Uniq can remove duplicate rows or make group by statistical files file: aabbb sort file | uniq: AB sort file | uniq-c: 2 a3 B is combined with sort to bring all a together to prevent a following B. Uniq-d only displays duplicate,-c only displays non-duplicate, and the two are mutually exclusive. Uniq-dc only displays duplicates and statistics SortFunction Description: sorts text files. Syntax: sort [-bcdfimMnr] [-o <output file>] [-t <delimiter>] [+ <start column>-<End column>] [-- help] [-- verison] [file] supplementary instructions: sort sorts the content of a text file in the unit of action. Example: sort by the second letter of the first key column: $ sort-k 1.2 file.txt sort by the second letter of the first key column, if the second letter is the same, it is sorted in descending order according to the numerical value in the third column. $ Sort-k 1.2, 1.2-k 3, 3nr file.txt-k sorting field, distinguished by-t separator, starting from 0. -N is sorted by number format. If the default string method is used for comparison, the value 20 and the value 9 is larger than the value 9. -R Reverse Order-d sorting, except English letters, numbers, and spaces are processed, and other characters are ignored. -B ignores the leading space characters in each line. -U removes duplicate rows. ( You can use this to repeat) Note that the sort option is not particularly worth mentioning. The syntax format of the-k option is as follows: [FStart [. CStart] [Modifier] [, [FEnd [. CEnd] [Modifier] The syntax format can be divided into two parts by commas (,): Start and End. If the End part is not set, End is considered to be the End of the row. The Start part is also composed of three parts. The Modifier part is the option part similar to n and r we mentioned earlier. Let's focus on FStart and C. Start in Start. C. Start can also be omitted. If it is omitted, it indicates starting from the beginning of the local domain. In the previous example,-k 2 and-k 3 are examples that omit C. Start. FStart. CStart, where FStart indicates the domain used, and CStart indicates that the FStart field starts from the first character of the FStart field ". Similarly, in the End section, you can set FEnd. CEnd. If you omit. CEnd, it indicates the End to the End of the domain, that is, the last character of the local domain. Or, if you set CEnd to 0 (zero), it also indicates the end to the end of the "domain ".  Od

The od command is a tool used to analyze the file content. In most cases, you do not know the file content encoding. In this case, the most direct method is to use the od command to view the byte composition in the file. Usage: od-Ax-tcx4 file. It can BE used to analyze whether the character encoding is UTF-8, whether it is LE, and how to distinguish it. You also need to understand the rules of each encoding. For example, UTF-8 is generally used to display Chinese Characters in three bytes, while gbk is two.

Related Article

Contact Us

The content source of this page is from Internet, which doesn't represent Alibaba Cloud's opinion; products and services mentioned on that page don't have any relationship with Alibaba Cloud. If the content of the page makes you feel confusing, please write us an email, we will handle the problem within 5 days after receiving your email.
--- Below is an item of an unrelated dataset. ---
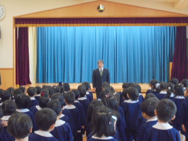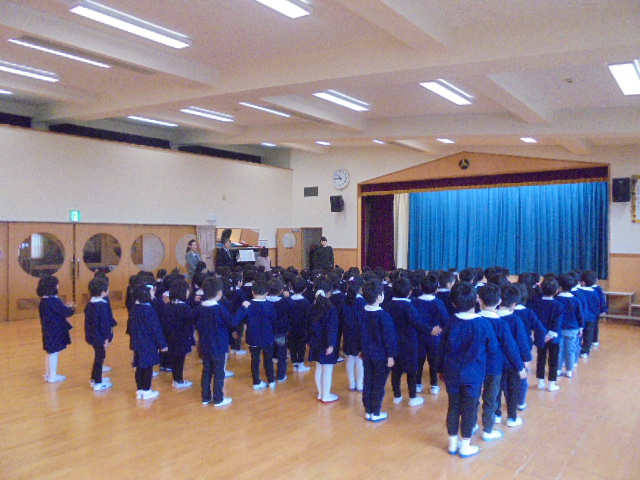 鶴ヶ谷幼稚園では今日から3学期が始まりました。久々の登園でしたが、皆元気に登園し先生や友達との再会を喜んでいました。始業式では園歌を歌い、元気な歌声を聞くことができました。また、各学年の代表の友達が冬休み楽しかったことを発表しました。かくれんぼや大縄跳びをしたこと、遊園地に遊びに行ったことが楽しかったと話していました。一年の中で一番短い3学期ですが、皆で楽しく過ごし思い出をたくさん作っていきます。
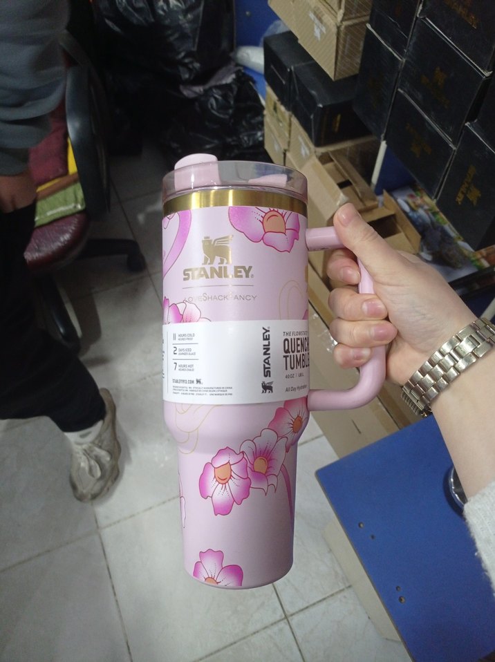 Pastel pembe renkte, çiçek desenli ve saplı Stanley termos. İçecekleri sıcak tutar, çocuklar için kullanışlıdır. 1.18 litre

If you find any instances of plagiarism from the community, please send an email to: info-contact@alibabacloud.com and provide relevant evidence. A staff member will contact you within 5 working days.
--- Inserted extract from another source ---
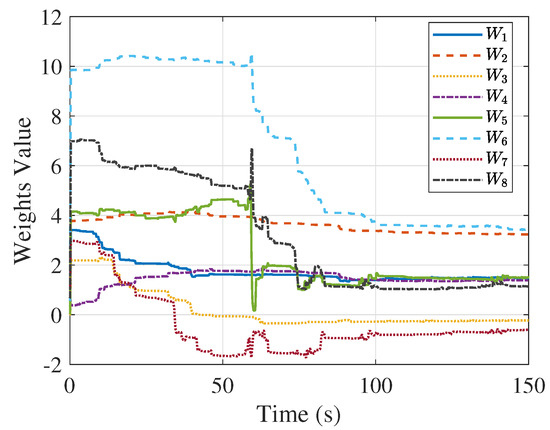 where denotes the ideal constant weight vector, is a vector of manually designed basis functions that act as neuron nodes, and represents the approximation error of the neural network. Then, the gradient form of is given as follows:

A Free Trial That Lets You Build Big!

Start building with 50+ products and up to 12 months usage for Elastic Compute Service

  • Sales Support

    1 on 1 presale consultation

  • After-Sales Support

    24/7 Technical Support 6 Free Tickets per Quarter Faster Response

  • Alibaba Cloud offers highly flexible support services tailored to meet your exact needs.